The French scientist, Laplace had a similar idea but for predicting the state of the universe:
Laplace suggested that there should be a set of scientific laws that would allow us to predict everything that would happen in the universe, if only we knew the complete state of the universe at one time.
(Stephen Hawking, A brief history of time)
The problem with Laplace suggestion was, of course, that by Heisenberg uncertainty principle, we can not know both the momentum and current position of any particle. Thus, effectively ruling out the possibility of us knowing the state of the universe and thus predict an earthquake or a black hole forming, even if, we had a HUGE computer.
But we don't have that problem.
Humans have a finite set of characteristics whether the number is 1000, 5000 or 20,000. Humans themselves are finite in number; we don't know what the exact number is right now, but that doesn't mean that we can't find out. Each human interacts with a finite number of other humans, multiple times and with another finite number just once, over the course of her life. Some of the characteristics are weaker in some rather than in others.
For example, my friend J never had Indian food before and thus THAT characteristic of her was 'weak' or 'empty'. If she were to meet people who hate Indian food, her characteristic of Indian food would get filled with their's. But since she met us, our characteristics got 'copied' to hers. (This affinity to get other's characteristics into yours is also another characteristic; but then I would be going into too much detail at this stage)
With the knowledge of
1) All current characteristics,
2) The current scenario, and
3) Characteristics and current scenarios of everyone she is in contact with,
We can predict the immediate future;
We can predict which of her characteristics will change;
We can take the new base scenario and new characteristics and predict the next immediate future.
And so, we can predict her life and the life of every human on the planet.
Of course, she can willfully change some of her own characteristics. Like, I can get up one day and decide to walk the stairs everyday from there on. This one change will affect the future. But, with this new data, we can recalculate and predict again.
The future is in our hands and it’s dynamic.
All of this IS complicated. But it is not impossible.

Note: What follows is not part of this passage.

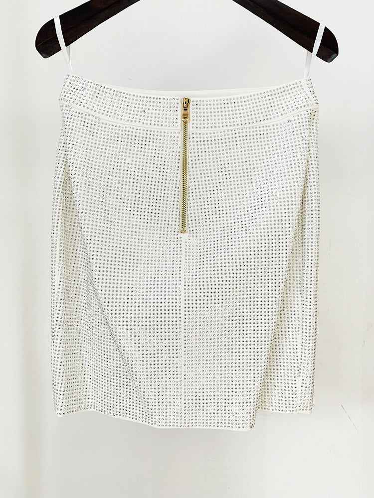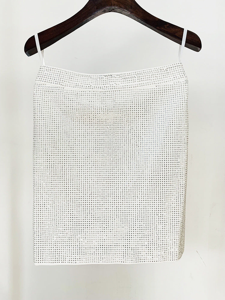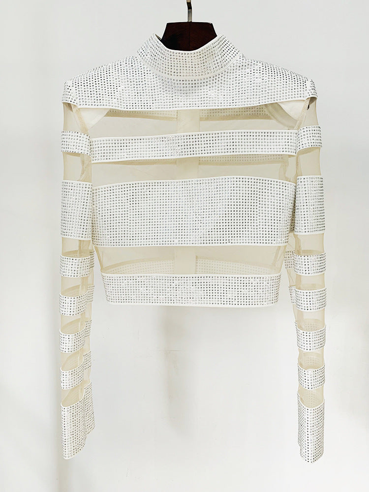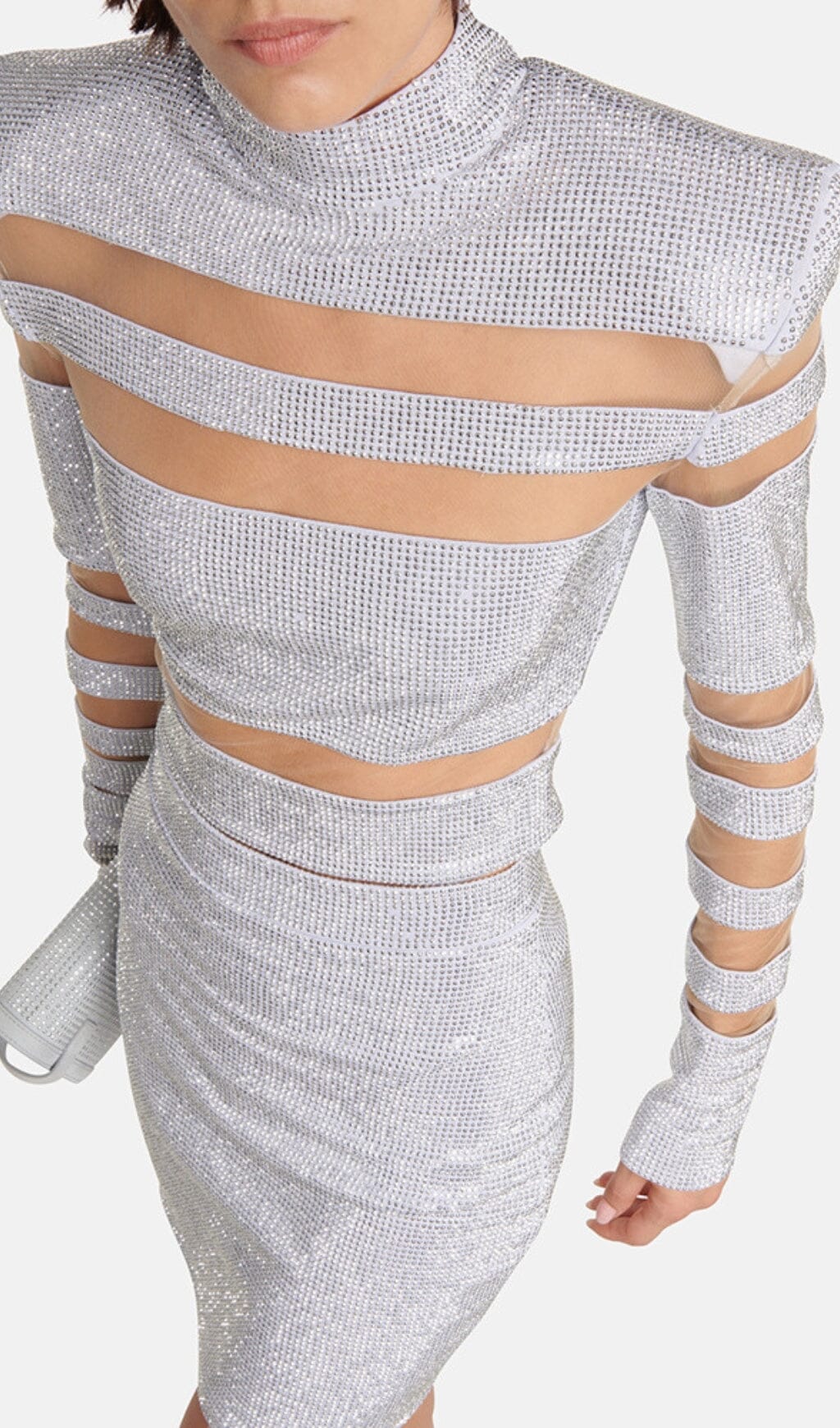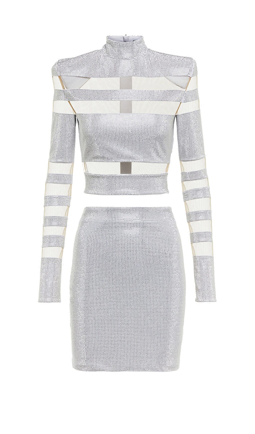 Shine bright in this striped rhinestone two piece set in silver. High-shine rhinestone stripes illuminate the crop top and mini dress. Skin-baring cutouts provide an alluring peek of skin when you need that extra sparkle.

It is a mathematical possibility just as being able to count to a googol is possible. The only thing stopping us is computing power and data collection.
2 Comments:
If you wish to embark on this journey, the first thing you should learn to do is to weed out unrelated data. For eg: in the staircase v/s elevator thingie, how did VB's preference matter? :-P
It is ironical that I just came from here which can be interpreted here to read as follows:
Everything is infinite. Attempts to turn infinite things into finite leads to predictability.
If you are in the future prediction business; I've give you a long standing idea of mine: take a screen canvas of size 800*600px. Assume 8BPP RGB. Generate all possible images (this is surely is finite). You can see every possible event in the universe.
Fasssssscinating post. The implications are truly mind-boggling. Do you know if anyone's trying/tried this? Any research/experiments being done?
I could, however, find two possible obstacles(?) for such an predictive model:
(1) Including the environment as a parameter: I would imagine that a large number of our actions are influenced by the environment - an earthquake would be a dramatic example. Of course, parameterizing the environment would possibly lead to Laplace's dilemma itself.
(2) Human characteristics that we don't completely understand: creativity, passion, ambition, fun, anger, obsession-about-Porsches and a whole host of other seemingly 'non-computable' things.
Hidden Markov Models are somethings that comes to mind when formulating prediction models (usually for phenomena with far fewer characteristics though). I've got a gut feel that your experiment might lead down that path. But of course, HMMs are usually buried in some inane 'will the burglar alarm go off?' situations. Nothing as remarkable as predicting human behaviour or the state of the universe.